▸ **What you should do**:
Transcribe only what runs from the line containing "Kegiatan penandatanganan fakta" through the end of the listing, line for line and exactly, and omit the pictures.

▸ **Material provided**:
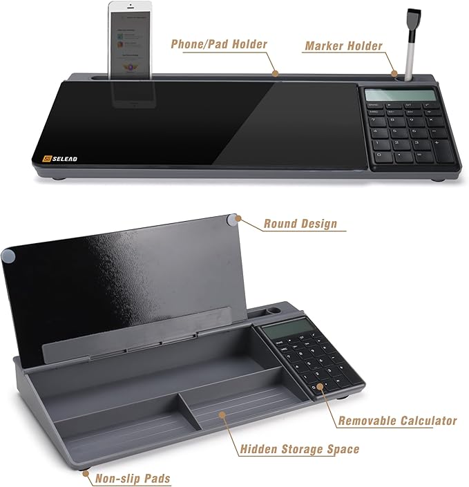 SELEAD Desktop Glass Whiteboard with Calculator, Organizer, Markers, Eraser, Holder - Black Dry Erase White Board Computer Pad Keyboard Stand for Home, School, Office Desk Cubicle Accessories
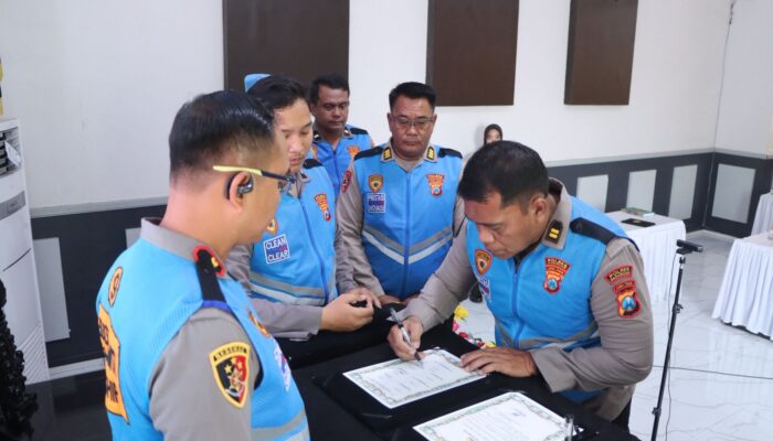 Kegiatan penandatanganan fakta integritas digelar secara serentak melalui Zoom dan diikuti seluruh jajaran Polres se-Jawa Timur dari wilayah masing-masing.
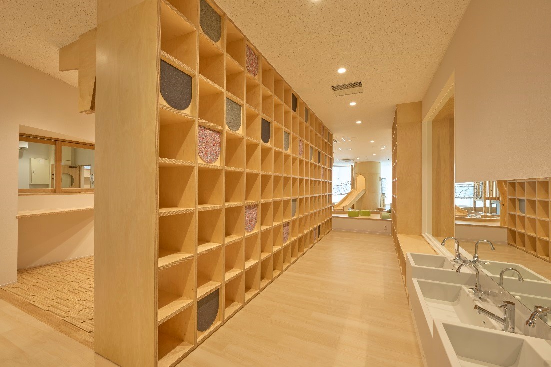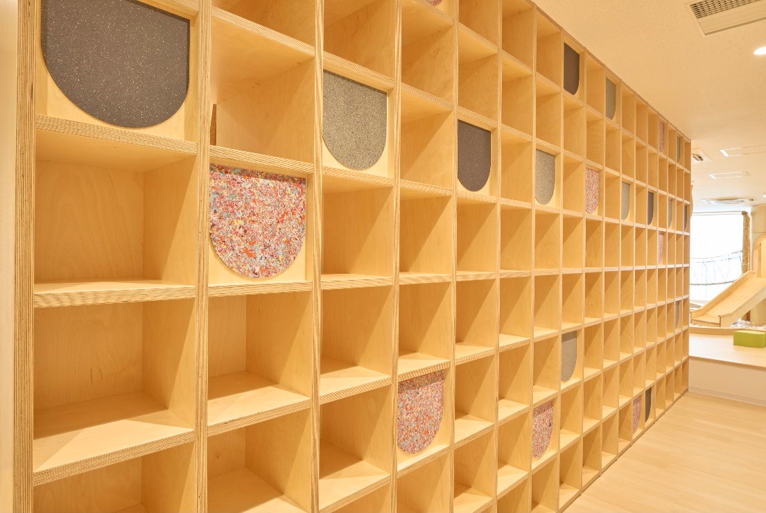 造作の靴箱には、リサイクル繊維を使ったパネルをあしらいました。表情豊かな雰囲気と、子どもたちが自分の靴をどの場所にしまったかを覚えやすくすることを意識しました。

▸ **Result of the exercise**:
 Kegiatan penandatanganan fakta integritas digelar secara serentak melalui Zoom dan diikuti seluruh jajaran Polres se-Jawa Timur dari wilayah masing-masing.
 造作の靴箱には、リサイクル繊維を使ったパネルをあしらいました。表情豊かな雰囲気と、子どもたちが自分の靴をどの場所にしまったかを覚えやすくすることを意識しました。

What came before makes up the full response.